-- Opening Marker --
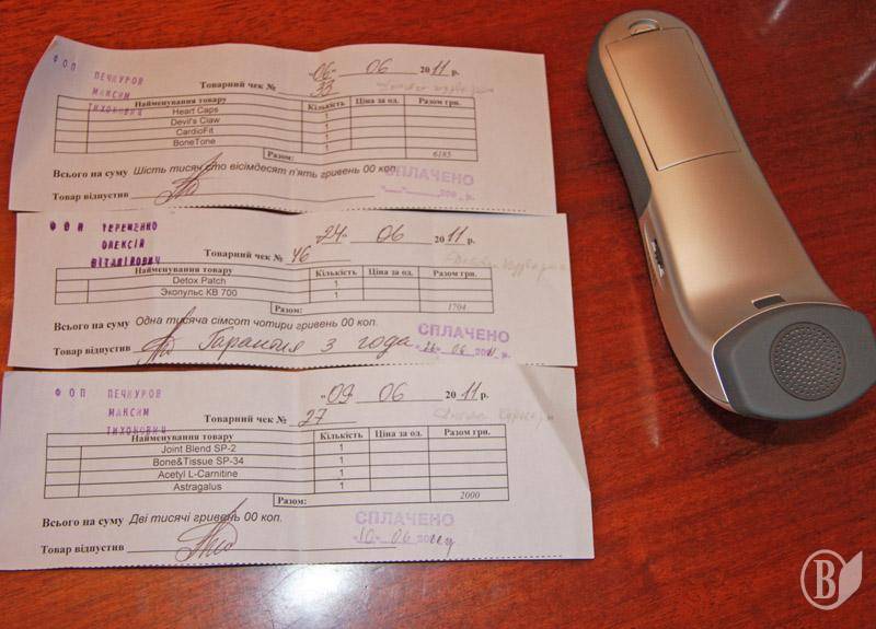 На пам’ять грандіозного обману має цілу батарею пустих коробочок від харчових добавок, які йому вручили кур’єри. Дійсно, диво-ліки, які нічого не лікують. А ще залишилися рахунки за них і прилад невідомого походження.
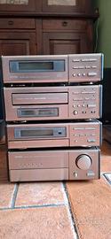Ottimo sistema Denon D100 old school composto da amplificatore UPA-100 40+40 watt RMS 20hz-20khz, sintonizzatore UTU-100, lettore CD UCD-100 e tape UDR-100 impianto dal suono strepitoso in ottime condizioni e perfettamente funzionante a parte l'apertura del cassetto CD che necessita di revisione vendo a 200 euro. I diffusori canton visibili in foto non sono in vendita.
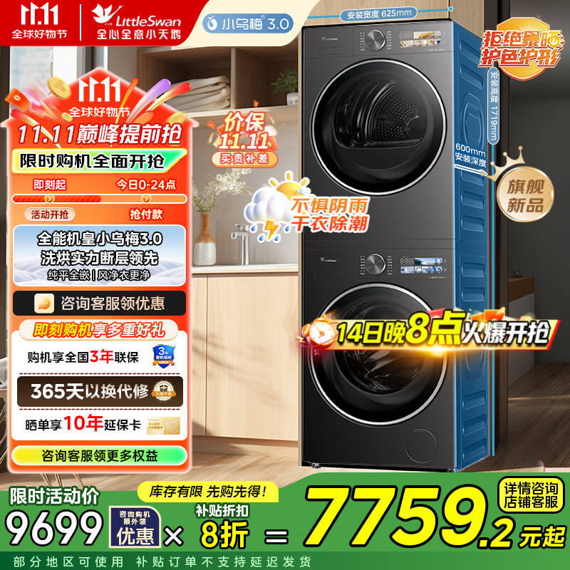 小天鹅(LittleSwan)小乌梅3.0 滚筒洗衣机全自动10KG智能投放 超微净泡纯平全嵌1.21洗净比 以旧换新 家电国家补贴20% 小乌梅3.0|套装行业销冠IVE40+40
-- Closing Marker --
* [WHAT THE TASK ASKS]: Every line of the material must be reproduced verbatim; the pictures are to be omitted.

* [FINISHED TASK]:
 На пам’ять грандіозного обману має цілу батарею пустих коробочок від харчових добавок, які йому вручили кур’єри. Дійсно, диво-ліки, які нічого не лікують. А ще залишилися рахунки за них і прилад невідомого походження.
Ottimo sistema Denon D100 old school composto da amplificatore UPA-100 40+40 watt RMS 20hz-20khz, sintonizzatore UTU-100, lettore CD UCD-100 e tape UDR-100 impianto dal suono strepitoso in ottime condizioni e perfettamente funzionante a parte l'apertura del cassetto CD che necessita di revisione vendo a 200 euro. I diffusori canton visibili in foto non sono in vendita.
 小天鹅(LittleSwan)小乌梅3.0 滚筒洗衣机全自动10KG智能投放 超微净泡纯平全嵌1.21洗净比 以旧换新 家电国家补贴20% 小乌梅3.0|套装行业销冠IVE40+40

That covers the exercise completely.